Exercise goal
For this task, output exactly the lines of the material below starting at the line with "A Collection Of" and ending at the line with "網片塑后5.0mm 網片采用兩道折彎 網孔采用8*20cm"; pictures are to be excluded.

Material for this task
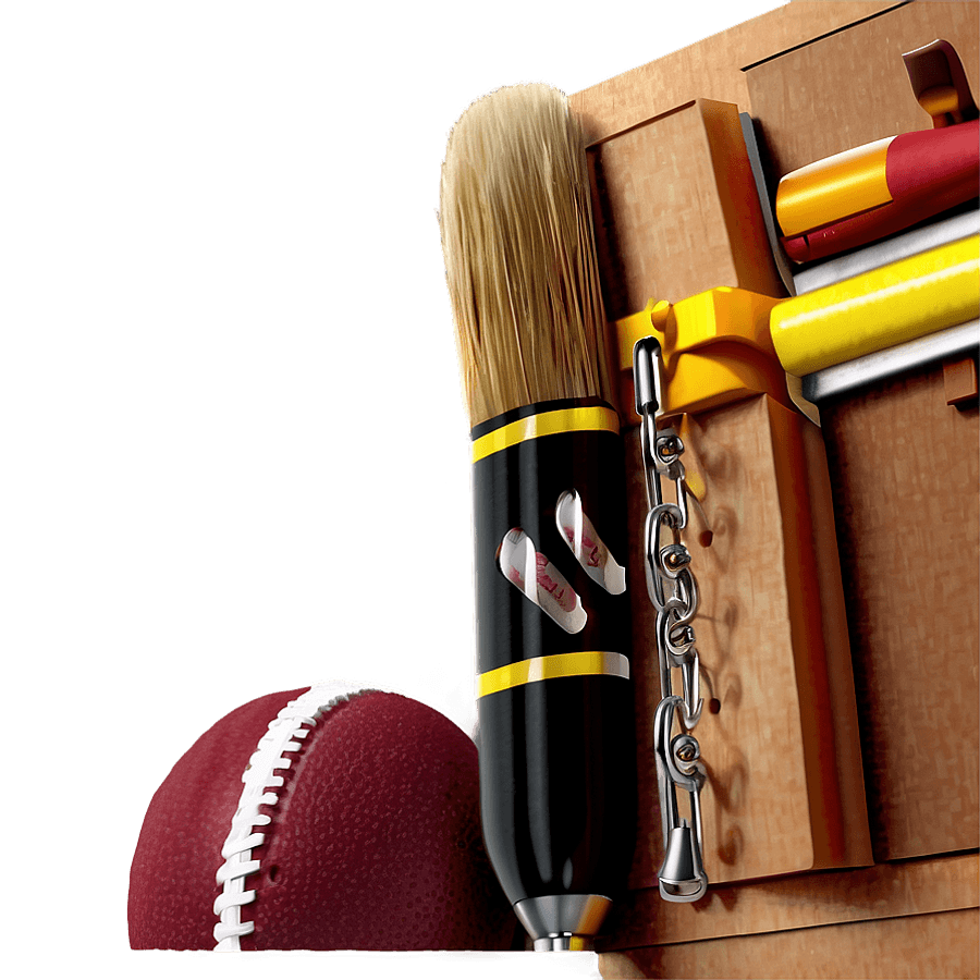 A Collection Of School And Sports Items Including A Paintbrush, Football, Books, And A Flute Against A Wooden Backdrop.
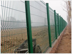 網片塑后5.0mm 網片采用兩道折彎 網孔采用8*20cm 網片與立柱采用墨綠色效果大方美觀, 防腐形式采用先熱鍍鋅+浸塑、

* * *

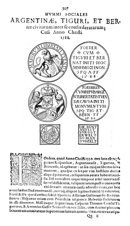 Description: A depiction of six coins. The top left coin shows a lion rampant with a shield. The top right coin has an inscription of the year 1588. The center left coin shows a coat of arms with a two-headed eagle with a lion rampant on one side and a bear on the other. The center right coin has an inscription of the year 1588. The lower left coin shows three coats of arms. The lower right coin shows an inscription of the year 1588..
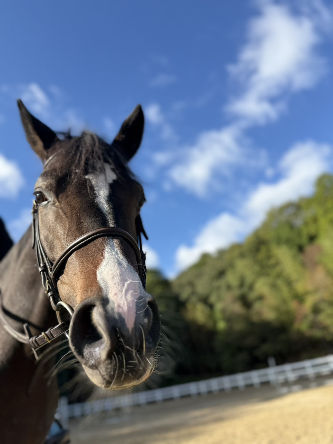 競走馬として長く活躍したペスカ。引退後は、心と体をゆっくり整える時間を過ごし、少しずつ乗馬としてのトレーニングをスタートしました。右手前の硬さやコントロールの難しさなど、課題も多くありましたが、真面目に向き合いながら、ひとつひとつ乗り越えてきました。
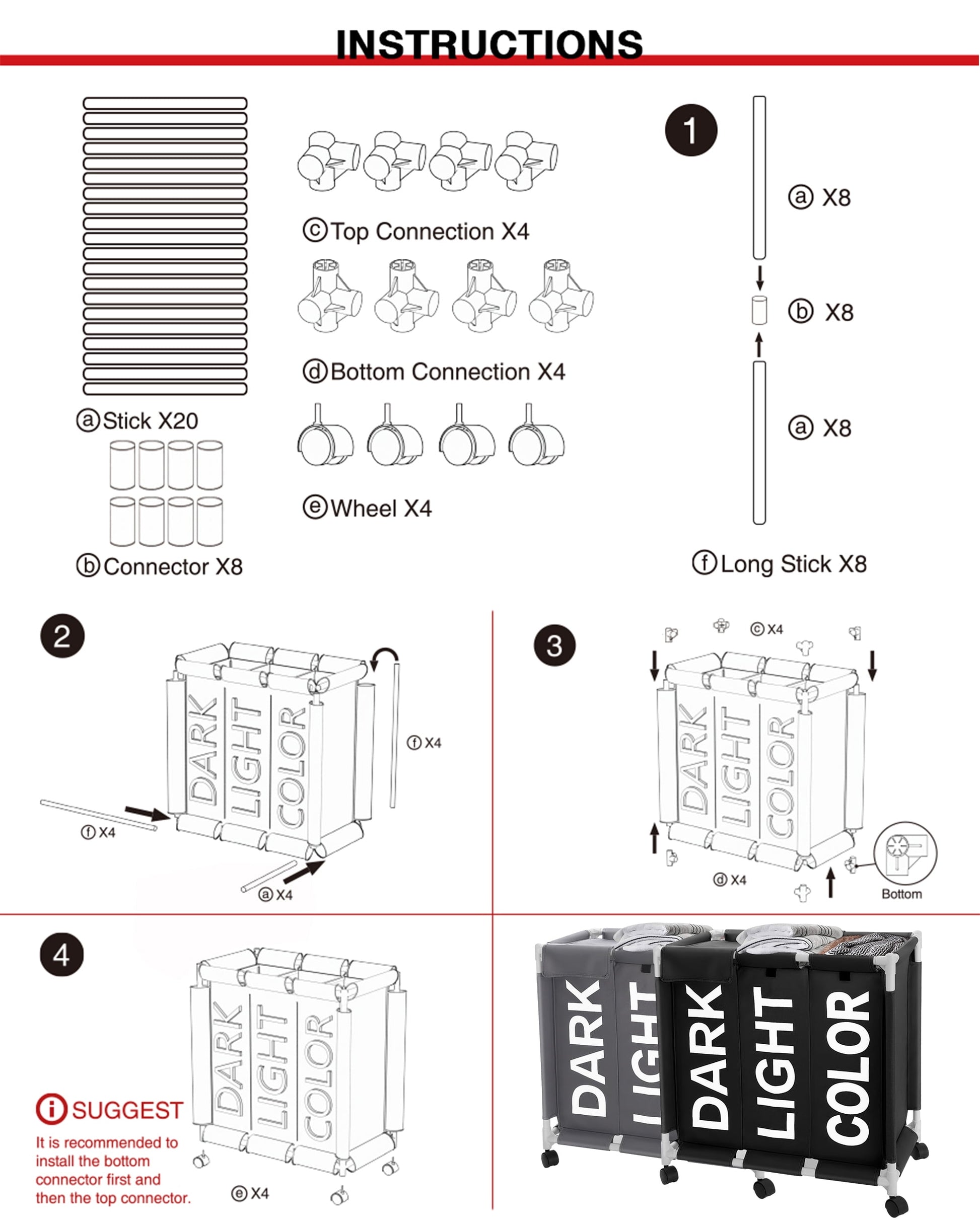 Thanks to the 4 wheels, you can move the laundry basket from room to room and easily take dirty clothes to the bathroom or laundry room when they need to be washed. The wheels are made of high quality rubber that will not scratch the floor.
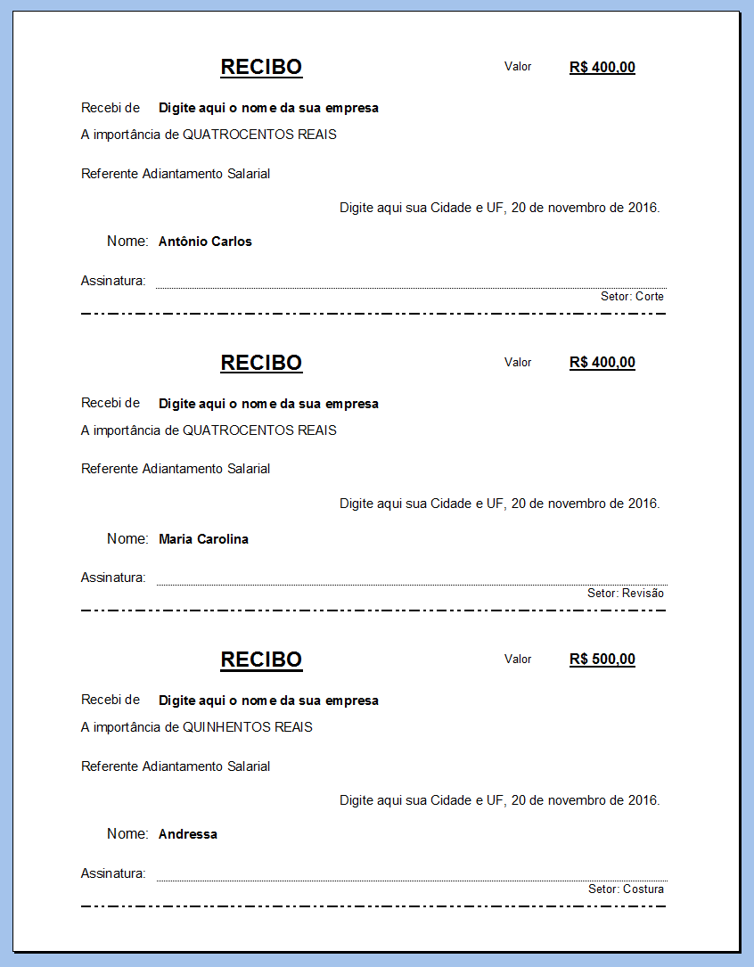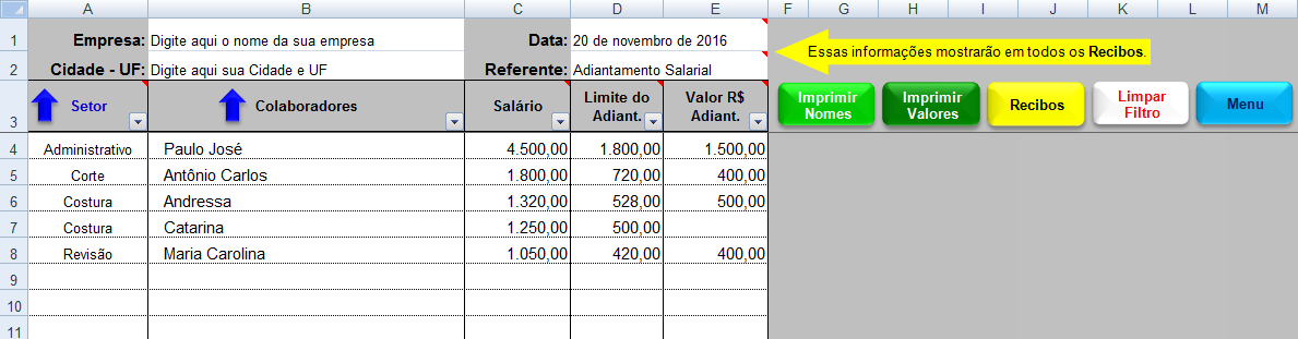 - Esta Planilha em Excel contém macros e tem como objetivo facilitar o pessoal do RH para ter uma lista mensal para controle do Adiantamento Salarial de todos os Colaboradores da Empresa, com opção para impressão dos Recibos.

==

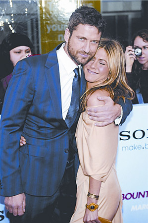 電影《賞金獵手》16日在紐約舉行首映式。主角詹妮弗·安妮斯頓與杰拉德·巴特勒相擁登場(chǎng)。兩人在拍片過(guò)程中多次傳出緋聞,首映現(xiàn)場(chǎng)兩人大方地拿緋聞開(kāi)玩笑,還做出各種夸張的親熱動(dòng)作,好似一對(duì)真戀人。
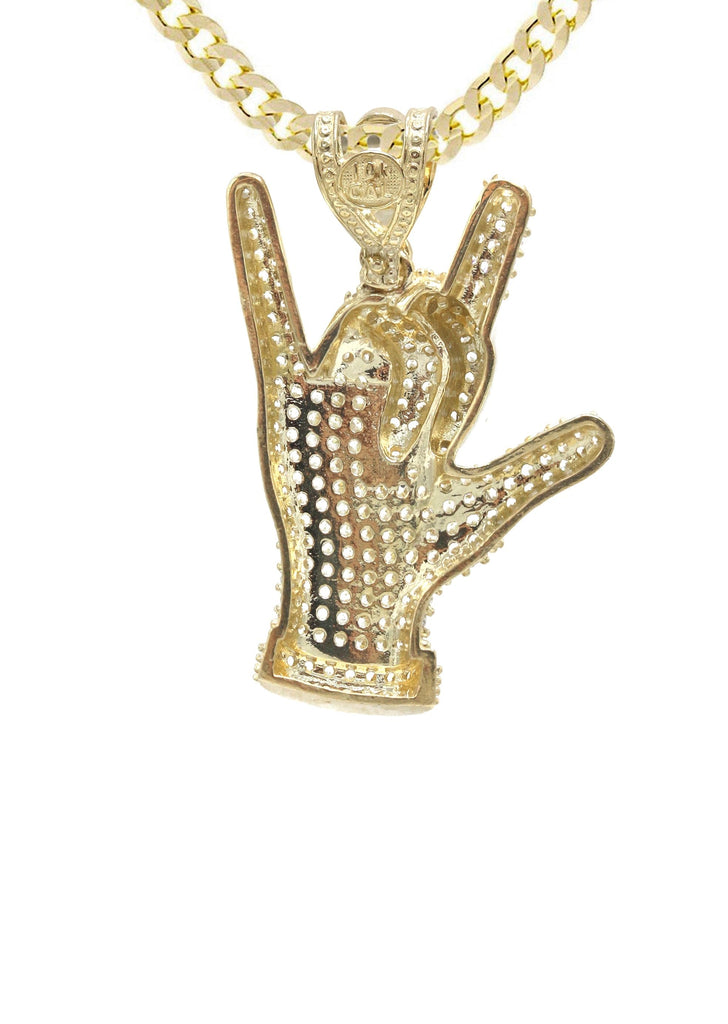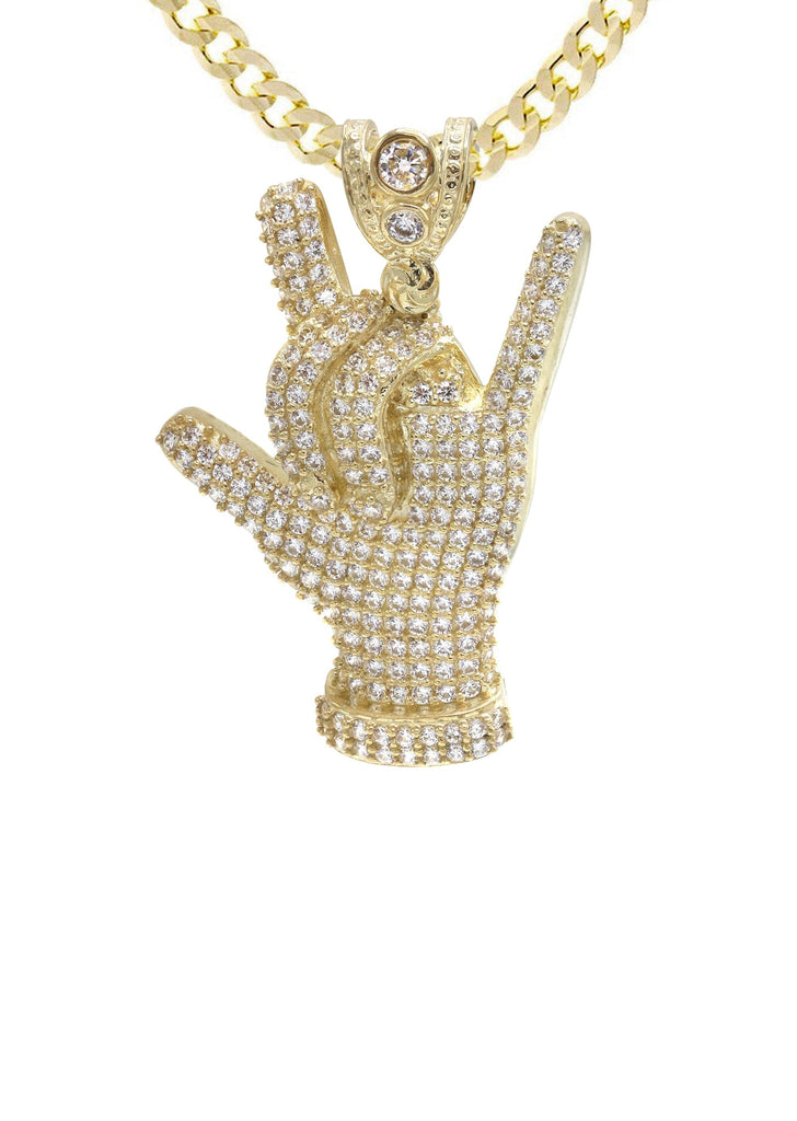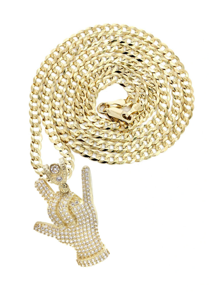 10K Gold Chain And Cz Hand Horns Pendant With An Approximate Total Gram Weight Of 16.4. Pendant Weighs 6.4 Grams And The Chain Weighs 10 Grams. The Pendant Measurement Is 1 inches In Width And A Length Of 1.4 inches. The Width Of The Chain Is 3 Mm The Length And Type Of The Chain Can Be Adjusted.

Exercise output
 A Collection Of School And Sports Items Including A Paintbrush, Football, Books, And A Flute Against A Wooden Backdrop.
 網片塑后5.0mm 網片采用兩道折彎 網孔采用8*20cm 網片與立柱采用墨綠色效果大方美觀, 防腐形式采用先熱鍍鋅+浸塑、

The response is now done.